→ **EXERCISE REQUIREMENTS**:
A verbatim reproduction of the lines below, from the line containing "Our house is" through the line containing "liderine başarılar diledi.", both ends included, is the whole required output.

→ **SUPPLIED MATERIAL**:
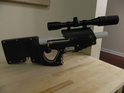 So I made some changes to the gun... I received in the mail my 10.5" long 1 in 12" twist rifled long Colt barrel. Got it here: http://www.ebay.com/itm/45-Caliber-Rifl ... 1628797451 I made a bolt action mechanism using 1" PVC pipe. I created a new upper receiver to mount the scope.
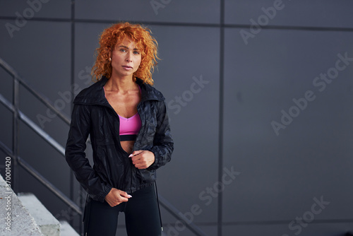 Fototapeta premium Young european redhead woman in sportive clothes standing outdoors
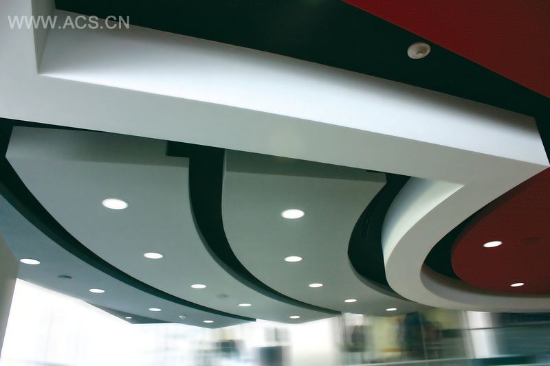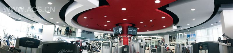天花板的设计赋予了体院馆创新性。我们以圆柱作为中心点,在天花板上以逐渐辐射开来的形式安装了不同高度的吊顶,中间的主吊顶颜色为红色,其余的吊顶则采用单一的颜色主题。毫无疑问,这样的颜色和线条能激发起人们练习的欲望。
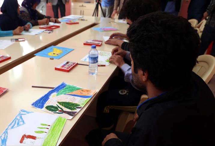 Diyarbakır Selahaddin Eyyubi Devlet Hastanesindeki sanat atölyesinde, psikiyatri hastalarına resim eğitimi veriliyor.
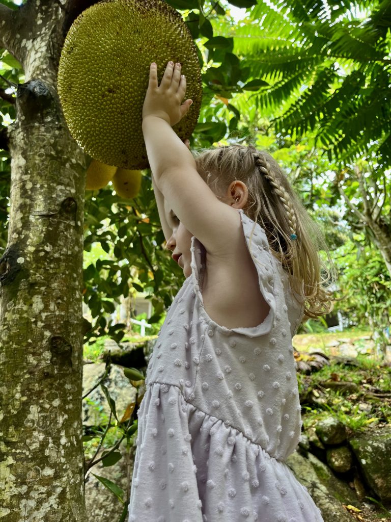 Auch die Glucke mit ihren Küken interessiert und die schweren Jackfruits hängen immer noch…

...

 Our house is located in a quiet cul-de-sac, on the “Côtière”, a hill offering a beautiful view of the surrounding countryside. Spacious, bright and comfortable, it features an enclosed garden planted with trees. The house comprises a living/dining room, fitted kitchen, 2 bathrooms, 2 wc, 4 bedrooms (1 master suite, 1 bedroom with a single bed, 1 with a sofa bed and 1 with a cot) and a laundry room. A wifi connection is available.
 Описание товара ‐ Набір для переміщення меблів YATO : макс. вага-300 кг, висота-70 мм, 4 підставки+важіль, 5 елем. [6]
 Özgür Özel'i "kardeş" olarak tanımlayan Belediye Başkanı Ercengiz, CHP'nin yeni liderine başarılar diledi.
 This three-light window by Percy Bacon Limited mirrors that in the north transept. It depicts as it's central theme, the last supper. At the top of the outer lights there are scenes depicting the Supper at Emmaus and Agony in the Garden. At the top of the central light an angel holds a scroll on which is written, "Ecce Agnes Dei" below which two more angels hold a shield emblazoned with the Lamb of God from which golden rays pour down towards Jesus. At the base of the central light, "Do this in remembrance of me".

→ **ANSWER FOR THIS EXERCISE**:
 Our house is located in a quiet cul-de-sac, on the “Côtière”, a hill offering a beautiful view of the surrounding countryside. Spacious, bright and comfortable, it features an enclosed garden planted with trees. The house comprises a living/dining room, fitted kitchen, 2 bathrooms, 2 wc, 4 bedrooms (1 master suite, 1 bedroom with a single bed, 1 with a sofa bed and 1 with a cot) and a laundry room. A wifi connection is available.
 Описание товара ‐ Набір для переміщення меблів YATO : макс. вага-300 кг, висота-70 мм, 4 підставки+важіль, 5 елем. [6]
 Özgür Özel'i "kardeş" olarak tanımlayan Belediye Başkanı Ercengiz, CHP'nin yeni liderine başarılar diledi.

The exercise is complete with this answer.